NSCs adhesion on surfaces of biomimetic apatite and apatite with coprecipitated LN (apatite/LN5, apatite/LN10, apatite/LN20, and apatite/LN40) samples in growth medium after 12-hour culture. Notes: (A) Attached cells were assayed by CCK8. Values are represented as mean±SD (n=3). Statistical significance relative to the group of biomimetic apatite: *P<0.05; **P<0.01. (B) SEM images of NSCs attached on biomimetic apatite and apatite/LN20. The red circle pointed the processes from the cell body. Scale bar is 5 µm in length. Abbreviations: CCK8, Cell Counting Kit-8; Ctr+, positive control; Ctr−, negative control; LN, laminin; NSC, neural stem cell; SEM, scanning electron microscopy.

Figure 6

NSCs proliferation on surfaces of biomimetic apatite and apatite/LN20 samples in growth medium for 3, 5, 7 and 10 days. Notes: Cells were assayed by CCK8. Values are represented as mean±SD (n=3). Statistical significance relative to the group of biomimetic apatite: *P<0.05; **P<0.01. Abbreviations: CCK8, Cell Counting Kit-8; Ctr+, positive control; Ctr−, negative control; LN, laminin; NSC, neural stem cell.

Figure 7

NSCs were cultured in indirect contact with biomimetic apatite and apatite/LN20 for 48-hour incubation to evaluate the cytotoxicity. Notes: (A) Cell viability was quantitatively analyzed by CCK8. Values are represented as mean±SD (n=3).
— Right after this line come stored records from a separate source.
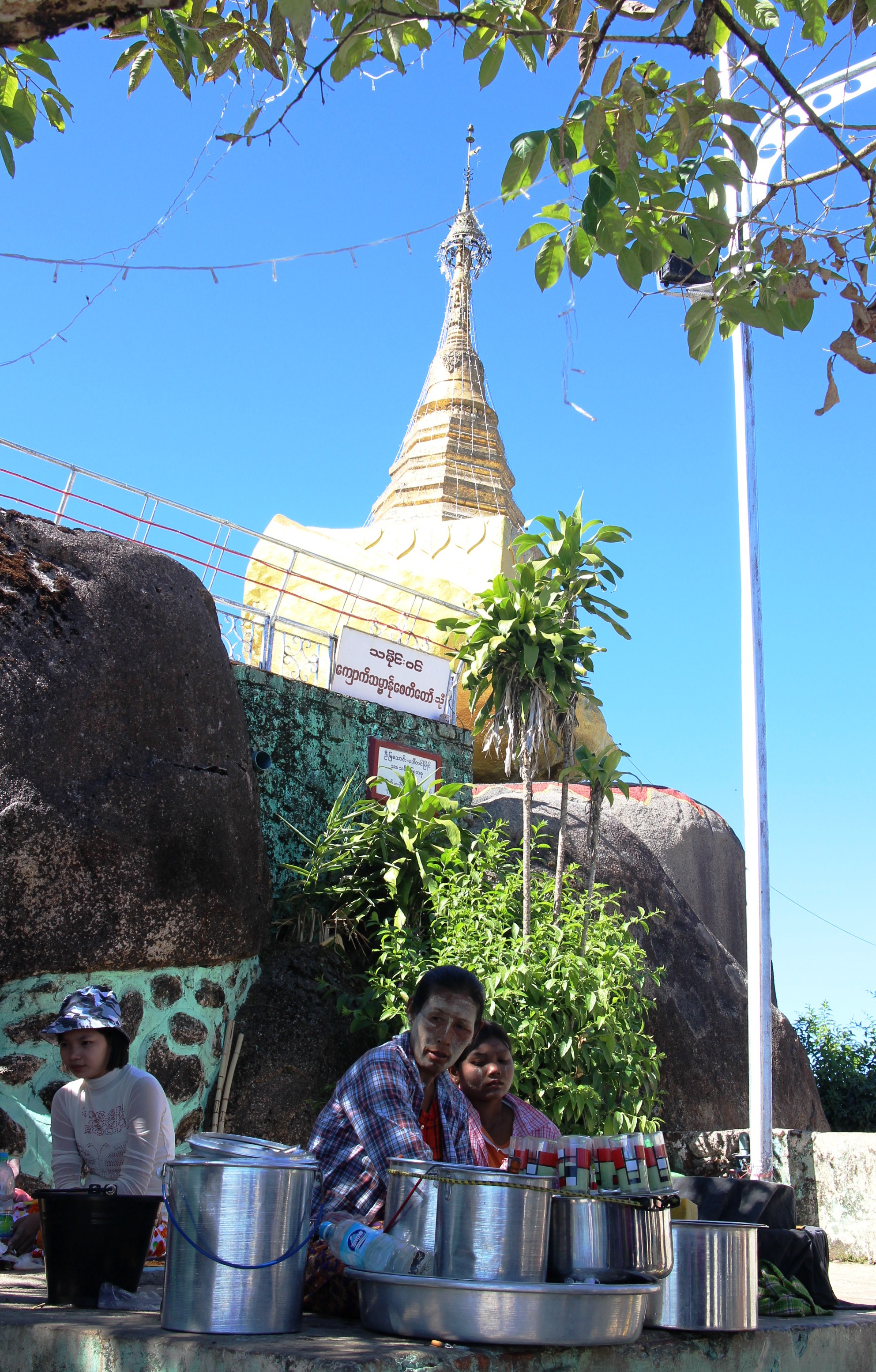 We sat and watched then strolled around the Golden Rock, appreciating it and the energy around it from different angles. We chatted to locals and asked about their pilgrimage or visit and the importance of The Rock. We then retreated for a nice cup of tea and put it all together. The conclusion – The Golden Rock itself is big and pretty and situated with a beautiful backdrop but the real tourist attraction is what it means to the Burmese and the incredible human energy that surrounds it. The people are as interesting to watch as the stupa.
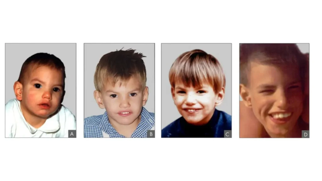 Araştırma sonuçlarına göre belirtiler sırasıyla en sık görülenden en aza doğru sıralandığında düşük kas tonusu (Ing. hypotonia) yani kasların harekete karşı koyduğu direncin azalması ilk sırayı almaktadır. Devamında ise geç gelişim, özgün bir ağlama, küçük kafalılık (mikrosefali) vb. belirtiler gelmektedir. [3] Yüzde ise hipertelorizm1, burun köprüsünün geniş olması, göz çevresindeki deri kıvrımları, alt ve üst göz kapağı arasındaki boşluğun aşağıya eğilmesi, kulakların aşağıda olması ve çenenin geride olmasını ifade eden retromikrognati2 gibi çeşitli farklılıklar gözlemlenmektedir [4].
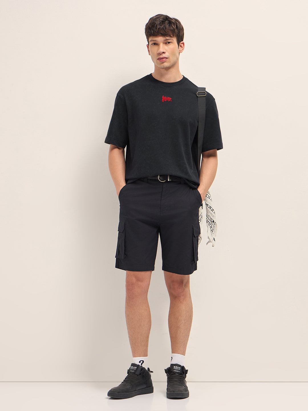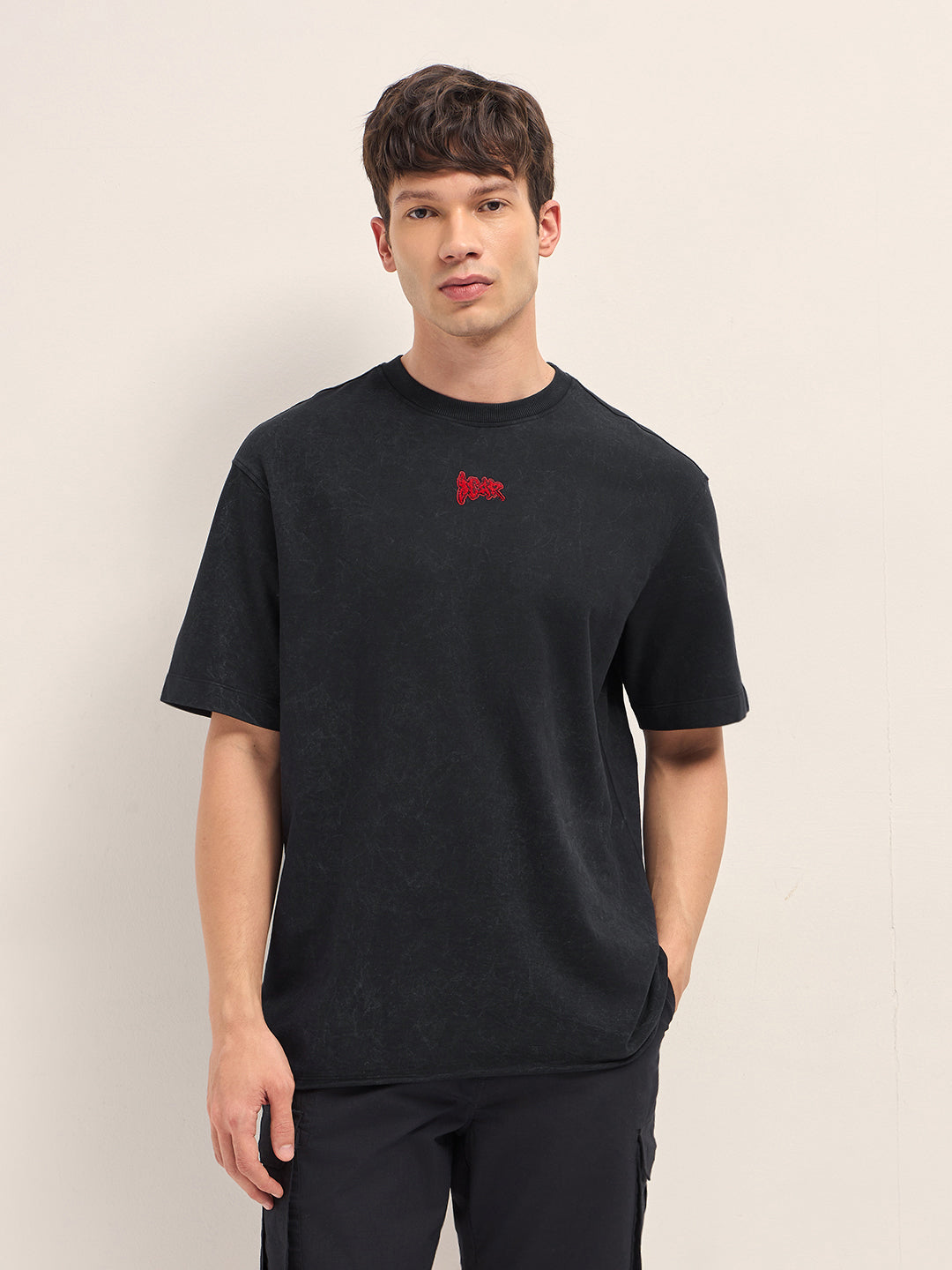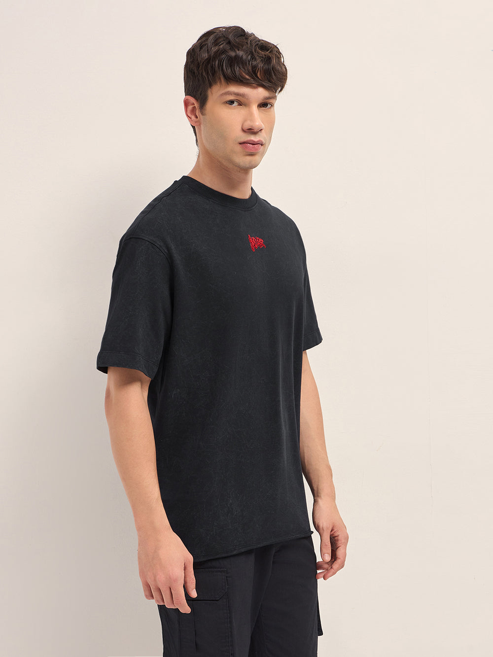 Black Oversized Crew Neck T-Shirt with “Bear Amore” Chenille Patch Embroidery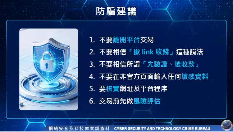 網絡安全及科技罪案調查科總督察梁以德指出,騙案手法層出不窮,而且不斷演變,有五點大家是要留意的: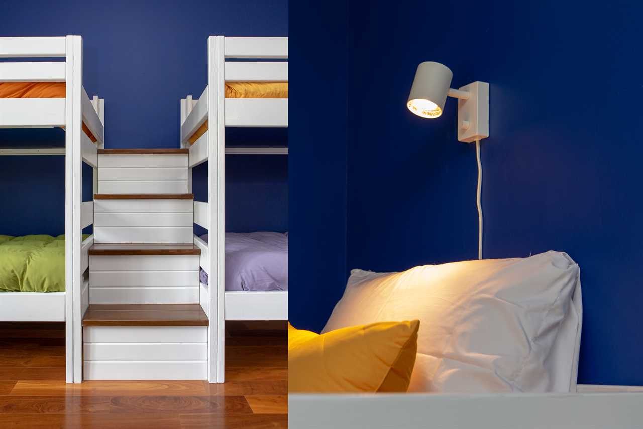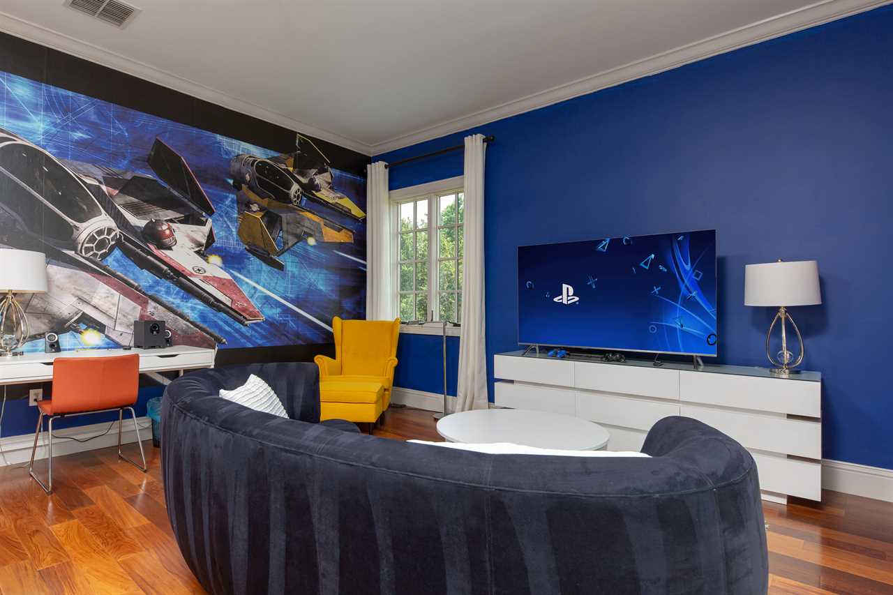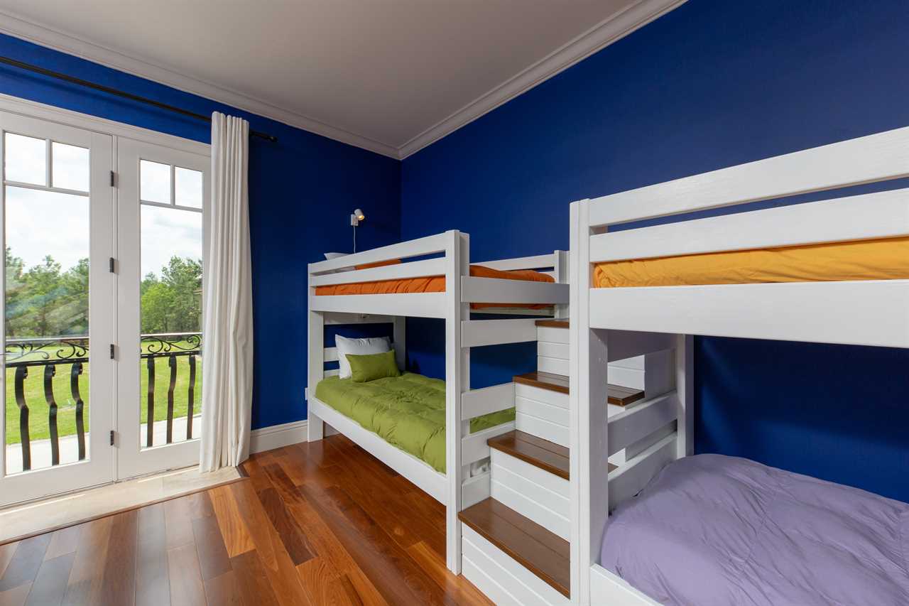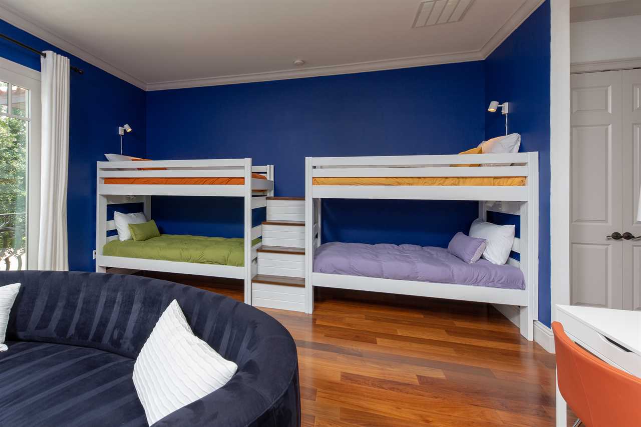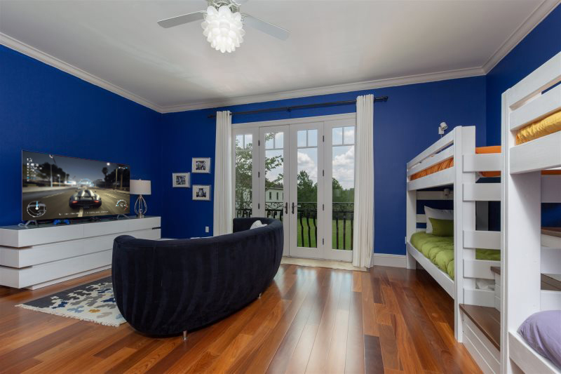 Upstairs you find another generously sized master bedroom with a King bed, a SMART TV, and ensuite bathroom. Another upstairs bedroom is beautifully furnished with a queen bed, SMART TV, and provides access through the French doors to the balcony overlooking the pool and conservation area beyond. Rounding out the bedrooms is a dormitory-sized bunk bedroom that sleeps six. Two of the bunk beds are extra long for the fully grown but young at heart. The room has a fabulous, blue suede sofa perfect for enjoying the 65-inch SMART TV and for playing video games on the Playstation PS4 console.

Statistical significance relative to the group of negative control: **P<0.01. (B) Cytotoxicity was qualitatively observed by the live/dead viability/cytotoxicity kit (green color: live cells, red color: dead cells). Scale bar is 200 µm in length. Abbreviations: CCK8, Cell Counting Kit-8; Ctr+, positive control; Ctr−, negative control; LN, laminin; NSC, neural stem cell.

Figure 8

Immunofluorescence images of nestin (a NSC marker, green) and DAPI (blue) staining of NSCs proliferation on surfaces of biomimetic apatite and apatite/LN20 samples in growth medium for 7 and 10 days. Scale bar is 200 µm in length. Abbreviations: Ctr+, positive control; Ctr−, negative control; LN, laminin; NSC, neural stem cell.